Nervousness in defense bar comes from fact that FTC is willing to act
against anything that violates §5 under §13(b) if they don’t need Commission
expertise. But there’s a lot of conduct that is deceptive without being
dishonest/fraudulent. If you’re going to
merge §5 standard with §13(b), you’re really saying that the Congress that
granted §19 authority was doing a ridiculous act because there’s no need for
§19.
Feeling in defense bar that it’s getting harder to
settle. You compare the worst that can
happen in litigation to the settlement being offered. The difference is
shrinking in a lot of cases. More
defendants are going to take their chances.
The criminal justice system is a plea bargain system; so is the FTC. If
the plea bargain system falls apart because you ask for a life sentence for
everything, that may not carry out the commission’s responsibilities.
Hippsley: the issue of how to settle with the FTC and
whether or not the FTC is seeking rational amounts is different from the issue
of which forum the FTC chooses. You see in the case examples that there still
are different types of cases; FTC doesn’t always seek redress. The sense that it’s difficult to settle for
less than disgorgement is probably accurate.
Muris: Reebok is not traditional—traditional remedy is to
get all the money back. If Reebok is a fraud case, then the FTC did a miserable
job, because they got $25 million back.
It was more of a traditional substantiation case, and the FTC has
changed its standards. Not suggesting
that Reebok would be ok under traditional standards, but the FTC now seems to
be saying is that in the new kind of redress case, we’re not trying to get all
the money back, but there’s some premium ascribed to the ad, whereas
traditionally the products were either worthless or completely out of
proportion. These are completely
different than traditional substantiation cases. It will bedevil the commission if you have to
subtract the reasonable value of the product and just give the premium back.
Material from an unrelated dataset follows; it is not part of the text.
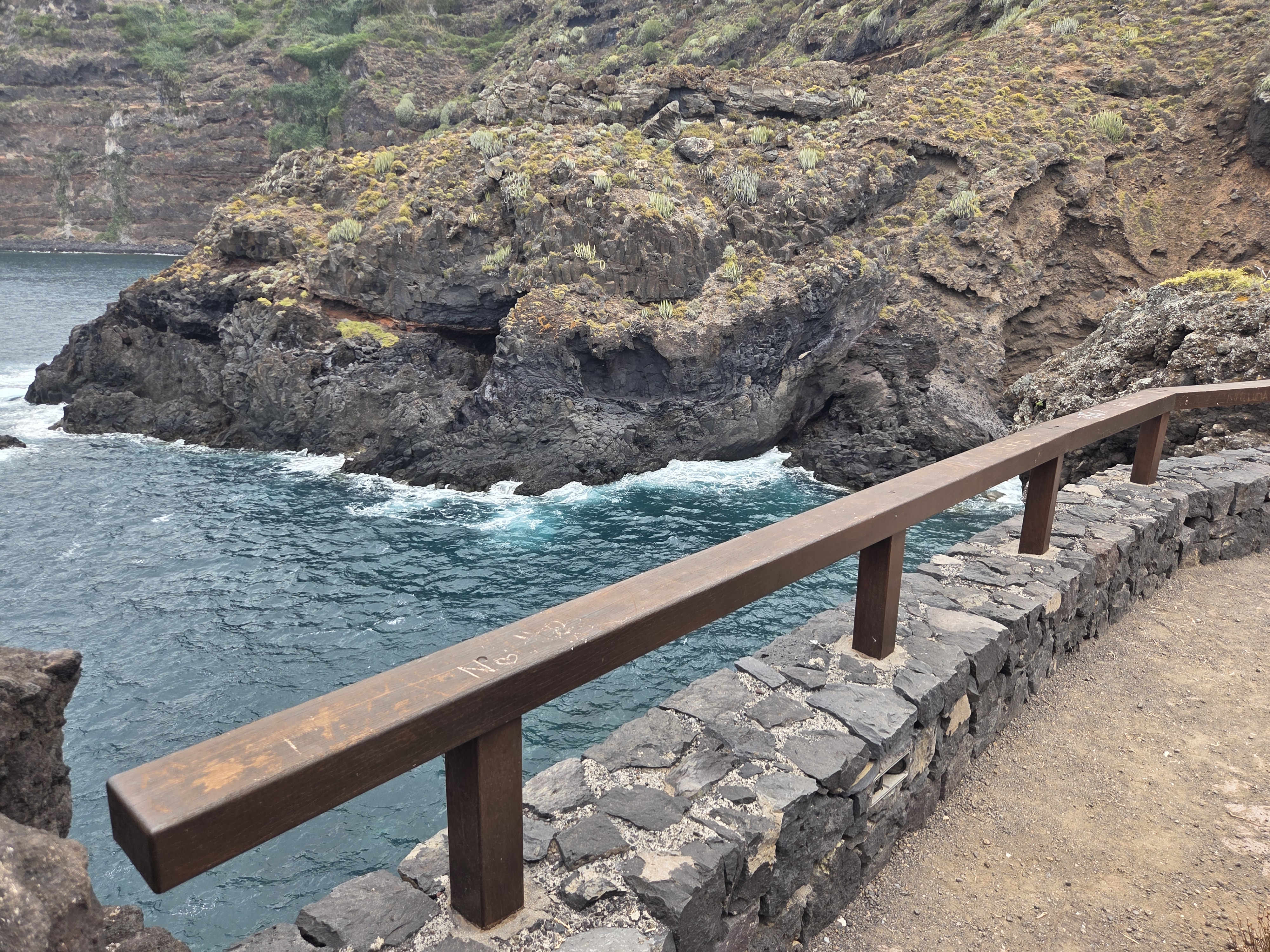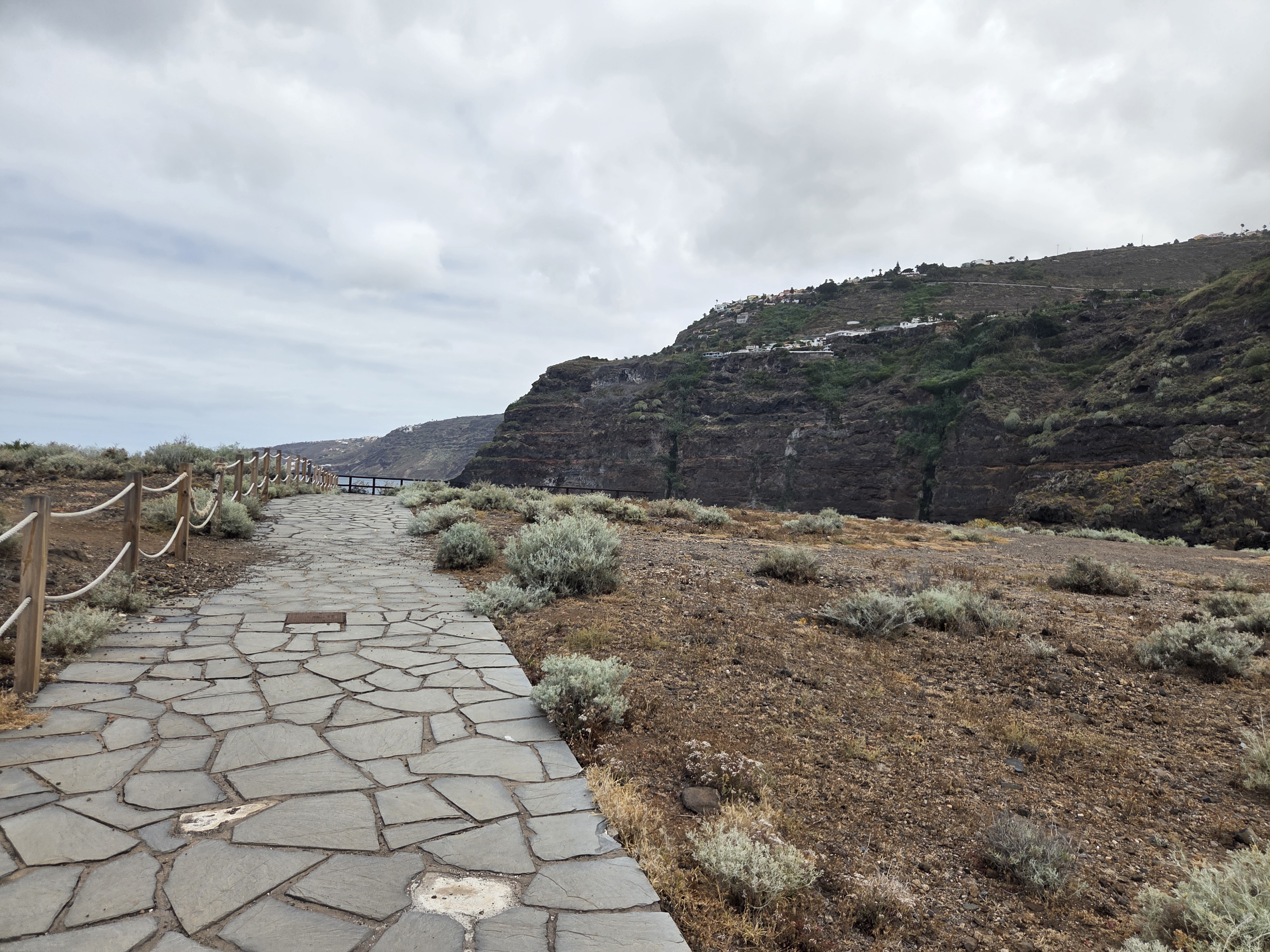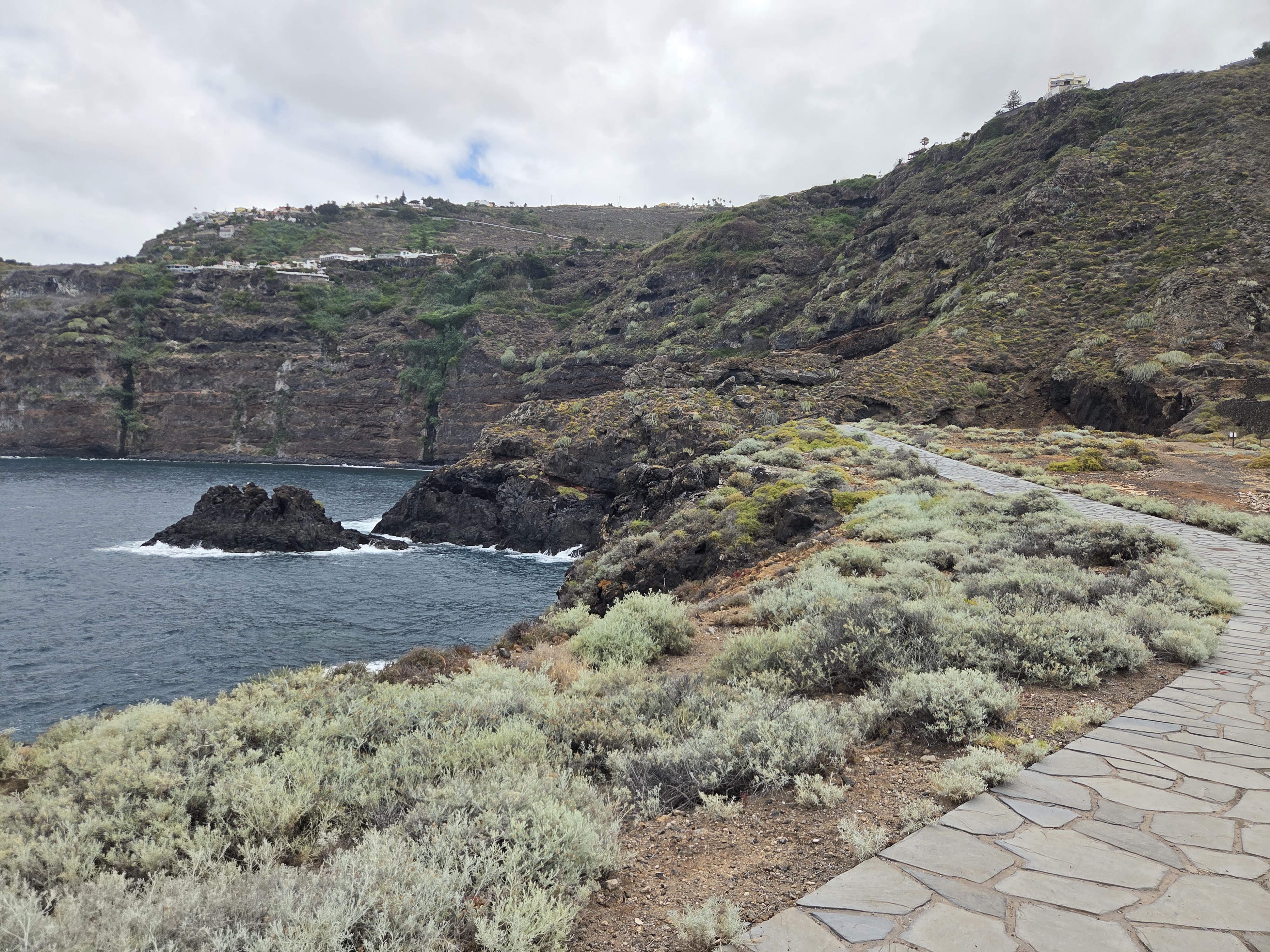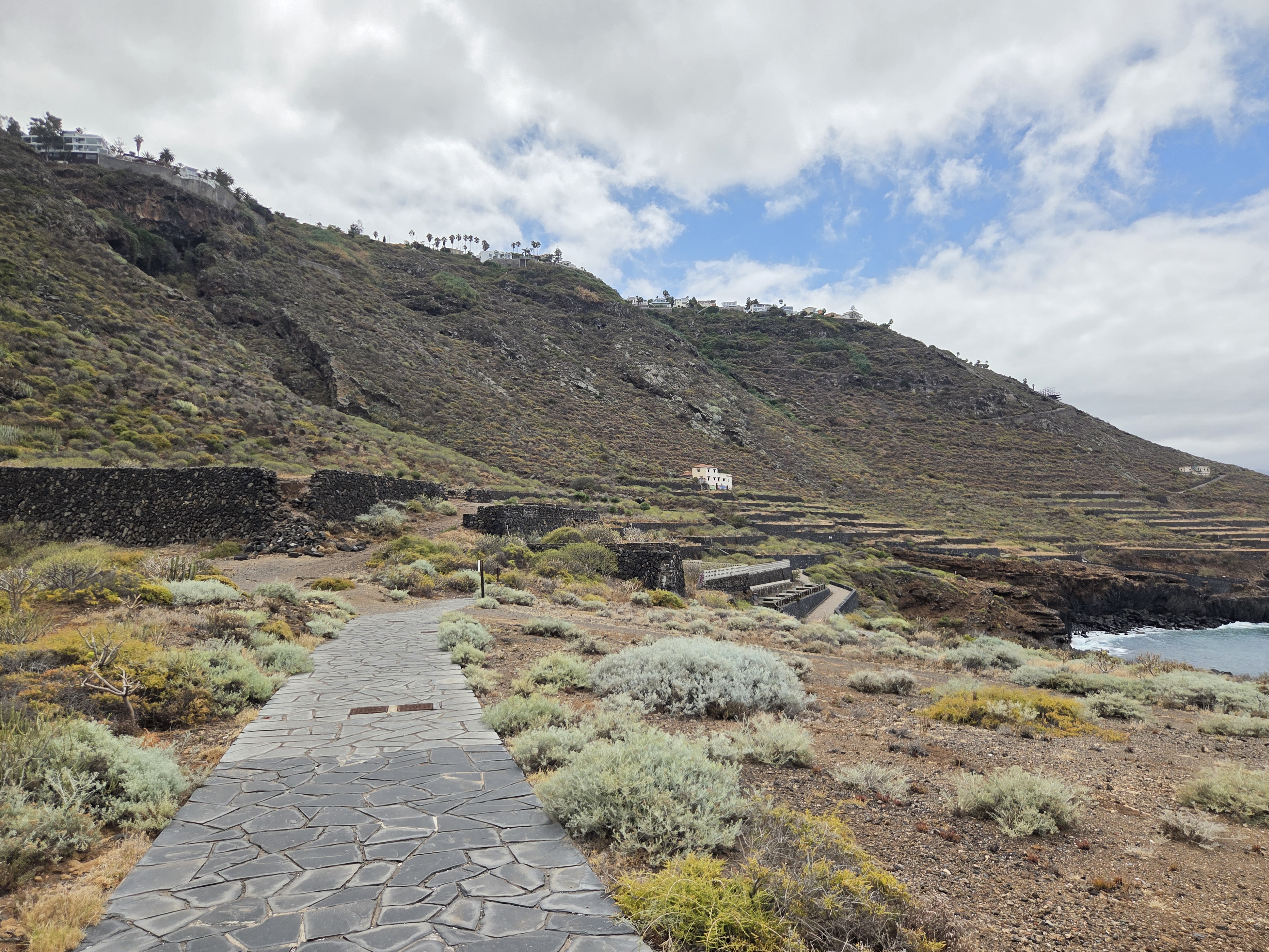 Algunos tramos son auténticos paseos, con muros de piedra volcánica que protegen del viento y abren la vista hacia el mar.

Hippsley: with Reebok, that’s a settlement; when we settle,
we choose a rational number. (1) The FTC
would say that the campaign was premised on a deceptive claim: the fraud was in
the selling and it doesn’t matter if the shoe had value. (2) Another way to
look at it is to look at litigated cases. Once you establish liability and are
calculating redress/disgorgement, we do have cases that have attributed value
to the product and it hasn’t undone the whole thing: a rare coin case where the
coins were substantially overvalued; we took the real value and the premium,
and the 8th Circuit upheld that.
That doesn’t stop us from going after full value when the product was
worthless to the consumers who purchased it.
Muris: if you took less than 10 cents on the dollar in
Reebok, what you’re saying is that we could get the full amount, and that’s a
hard argument to make to a judge.
Prediction: will instead argue for a premium, and that’s different.
Glynn: Freeze orders—directing defendants not to withdraw
funds. And FTC has also told the bank to
surrender property to the FTC within a certain number of days after the seizure
order is served. But orders are
generally just binding on defendants and those in active concert/participation
with them. But assuming a financial
institution isn’t in active concert with them—maybe holding money as security
for a loan or something like that—can they really be bound? Thinks it’s null & void to tell bank what
to do.
Hippsley: Traditionally, we serve the banks, and banks on
notice of order can’t allow defendants to drain their accounts or they’ll then
be in concert. Federal court can also
assert jurisdiction over the res.
Turnover should be to the court, not to the FTC. If the bank does have a claim against the
defendants, or the credit card company, it can intervene and sometimes does.